=== Entries supplied ===
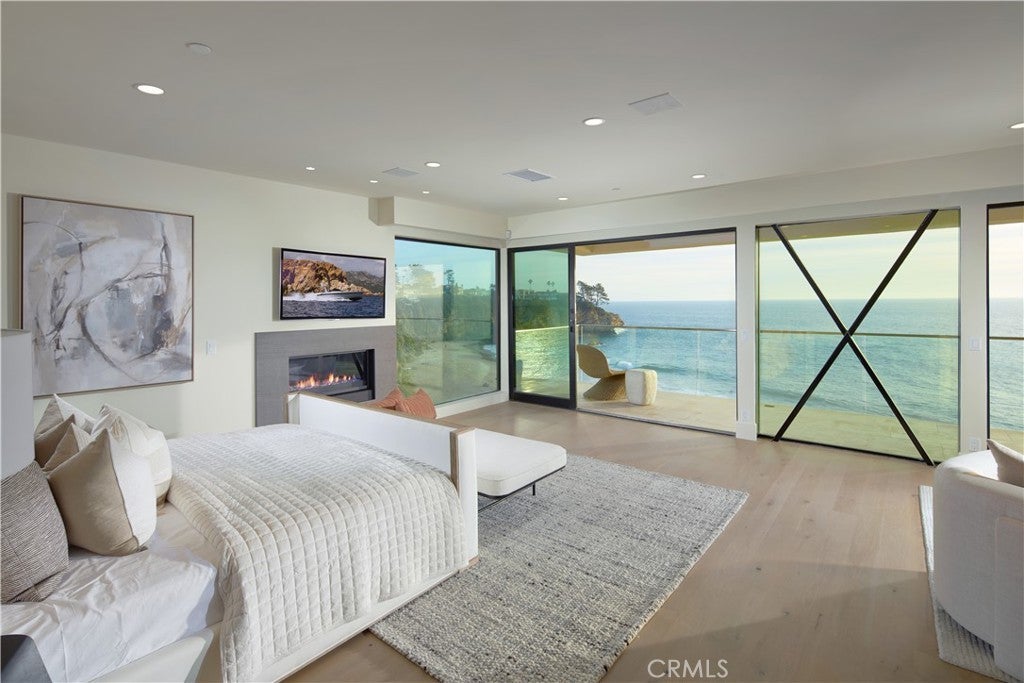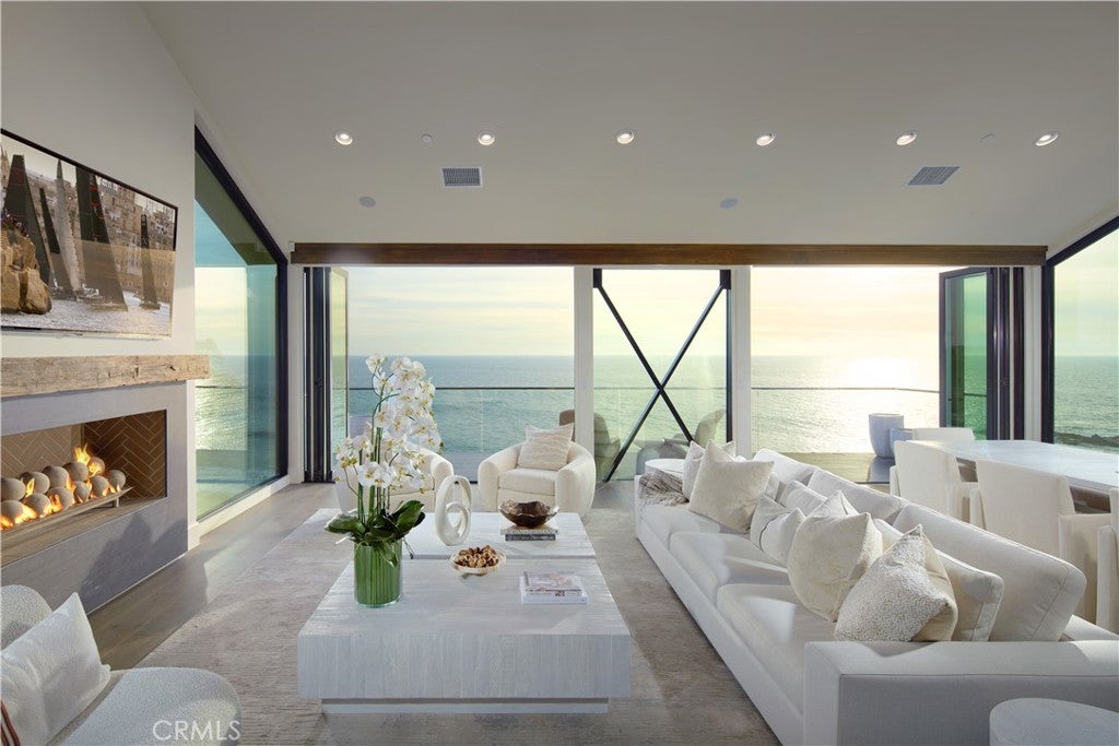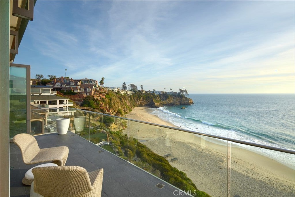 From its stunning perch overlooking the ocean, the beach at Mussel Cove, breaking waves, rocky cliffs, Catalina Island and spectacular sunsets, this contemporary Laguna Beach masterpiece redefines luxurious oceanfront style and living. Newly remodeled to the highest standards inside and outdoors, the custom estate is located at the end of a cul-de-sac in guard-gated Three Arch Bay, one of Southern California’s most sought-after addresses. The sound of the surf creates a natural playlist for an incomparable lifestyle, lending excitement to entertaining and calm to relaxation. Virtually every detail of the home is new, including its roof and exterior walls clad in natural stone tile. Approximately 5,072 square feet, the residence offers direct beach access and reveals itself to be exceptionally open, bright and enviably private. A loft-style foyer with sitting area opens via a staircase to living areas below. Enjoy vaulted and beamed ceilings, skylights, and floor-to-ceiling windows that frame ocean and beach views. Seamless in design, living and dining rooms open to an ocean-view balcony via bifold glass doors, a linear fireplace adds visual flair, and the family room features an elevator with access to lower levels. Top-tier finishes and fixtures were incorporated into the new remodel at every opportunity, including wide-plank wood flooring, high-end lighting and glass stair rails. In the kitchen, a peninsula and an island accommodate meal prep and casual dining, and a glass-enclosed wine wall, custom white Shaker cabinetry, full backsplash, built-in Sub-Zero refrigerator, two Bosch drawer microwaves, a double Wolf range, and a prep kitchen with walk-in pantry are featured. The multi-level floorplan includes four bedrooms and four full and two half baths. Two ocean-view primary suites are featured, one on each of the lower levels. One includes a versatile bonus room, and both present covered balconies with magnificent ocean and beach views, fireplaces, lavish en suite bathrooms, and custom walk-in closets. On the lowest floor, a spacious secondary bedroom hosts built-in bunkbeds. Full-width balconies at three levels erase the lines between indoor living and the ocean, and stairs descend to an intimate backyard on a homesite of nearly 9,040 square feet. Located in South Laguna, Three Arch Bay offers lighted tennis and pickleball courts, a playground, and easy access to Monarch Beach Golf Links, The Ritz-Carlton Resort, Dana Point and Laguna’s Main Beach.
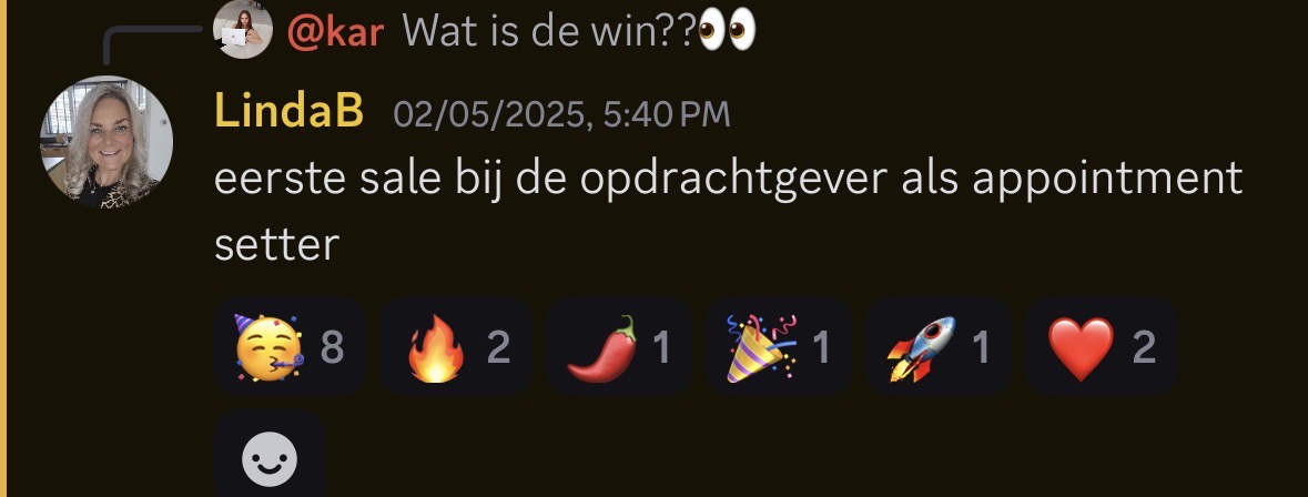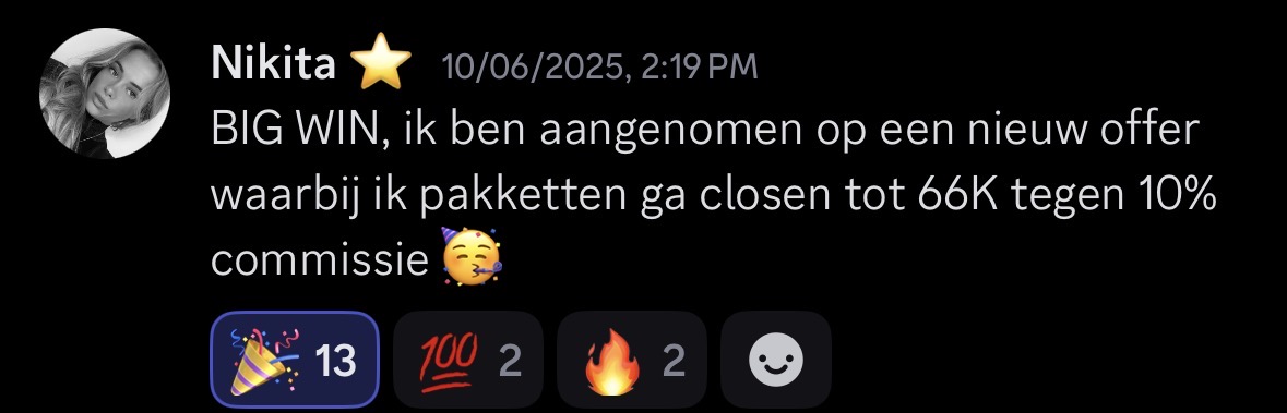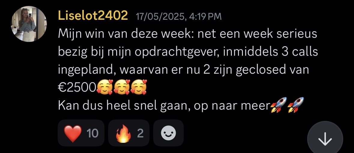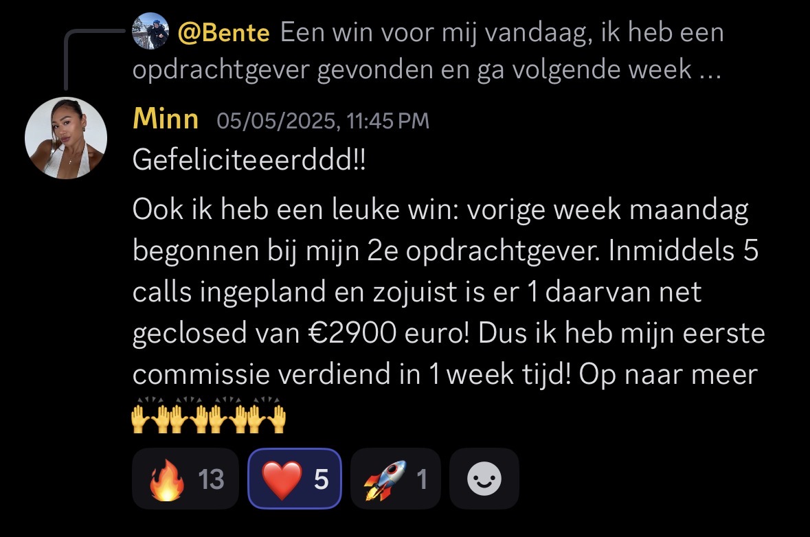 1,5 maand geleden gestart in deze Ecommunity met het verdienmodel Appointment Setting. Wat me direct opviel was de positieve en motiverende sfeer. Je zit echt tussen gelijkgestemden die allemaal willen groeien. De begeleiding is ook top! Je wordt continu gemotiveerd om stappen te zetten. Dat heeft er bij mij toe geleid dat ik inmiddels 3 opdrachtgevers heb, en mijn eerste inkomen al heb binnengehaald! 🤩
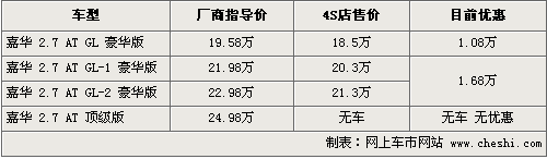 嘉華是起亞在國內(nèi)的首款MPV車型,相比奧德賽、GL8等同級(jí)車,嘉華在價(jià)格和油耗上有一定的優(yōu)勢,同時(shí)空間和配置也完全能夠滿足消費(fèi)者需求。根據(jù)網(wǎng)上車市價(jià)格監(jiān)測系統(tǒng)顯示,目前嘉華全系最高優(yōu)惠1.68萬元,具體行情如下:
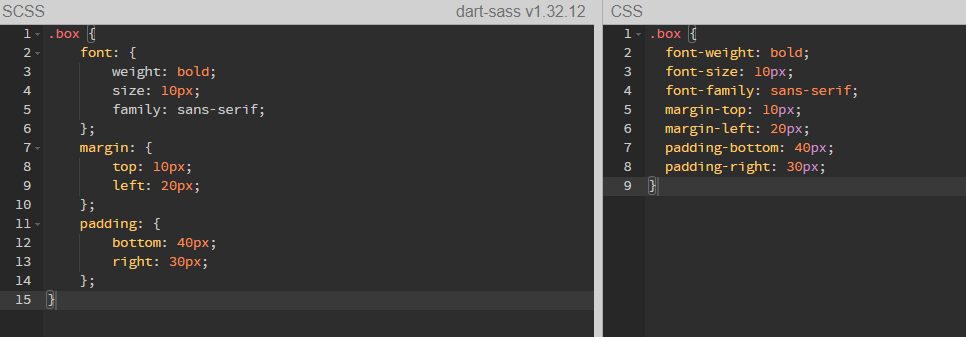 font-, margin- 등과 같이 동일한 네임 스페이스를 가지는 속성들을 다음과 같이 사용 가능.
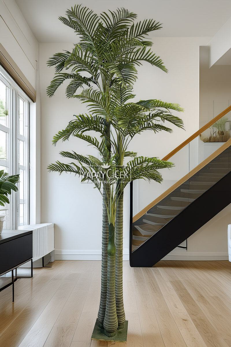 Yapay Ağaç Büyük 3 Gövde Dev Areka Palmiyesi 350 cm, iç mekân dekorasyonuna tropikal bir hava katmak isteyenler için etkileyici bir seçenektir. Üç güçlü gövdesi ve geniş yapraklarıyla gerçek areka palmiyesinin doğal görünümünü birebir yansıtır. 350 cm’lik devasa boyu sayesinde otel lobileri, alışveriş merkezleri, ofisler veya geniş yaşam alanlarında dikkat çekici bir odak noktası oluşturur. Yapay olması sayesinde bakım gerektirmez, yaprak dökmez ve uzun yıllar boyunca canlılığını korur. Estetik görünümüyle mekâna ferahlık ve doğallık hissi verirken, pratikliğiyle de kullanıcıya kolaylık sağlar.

=== Work to complete ===
Would you restate word for word only the lines from the line with "嘉華是起亞在國內(nèi)的" to the last line above, with the pictures left out?

=== Result below ===
 嘉華是起亞在國內(nèi)的首款MPV車型,相比奧德賽、GL8等同級(jí)車,嘉華在價(jià)格和油耗上有一定的優(yōu)勢,同時(shí)空間和配置也完全能夠滿足消費(fèi)者需求。根據(jù)網(wǎng)上車市價(jià)格監(jiān)測系統(tǒng)顯示,目前嘉華全系最高優(yōu)惠1.68萬元,具體行情如下:
 font-, margin- 등과 같이 동일한 네임 스페이스를 가지는 속성들을 다음과 같이 사용 가능.
 Yapay Ağaç Büyük 3 Gövde Dev Areka Palmiyesi 350 cm, iç mekân dekorasyonuna tropikal bir hava katmak isteyenler için etkileyici bir seçenektir. Üç güçlü gövdesi ve geniş yapraklarıyla gerçek areka palmiyesinin doğal görünümünü birebir yansıtır. 350 cm’lik devasa boyu sayesinde otel lobileri, alışveriş merkezleri, ofisler veya geniş yaşam alanlarında dikkat çekici bir odak noktası oluşturur. Yapay olması sayesinde bakım gerektirmez, yaprak dökmez ve uzun yıllar boyunca canlılığını korur. Estetik görünümüyle mekâna ferahlık ve doğallık hissi verirken, pratikliğiyle de kullanıcıya kolaylık sağlar.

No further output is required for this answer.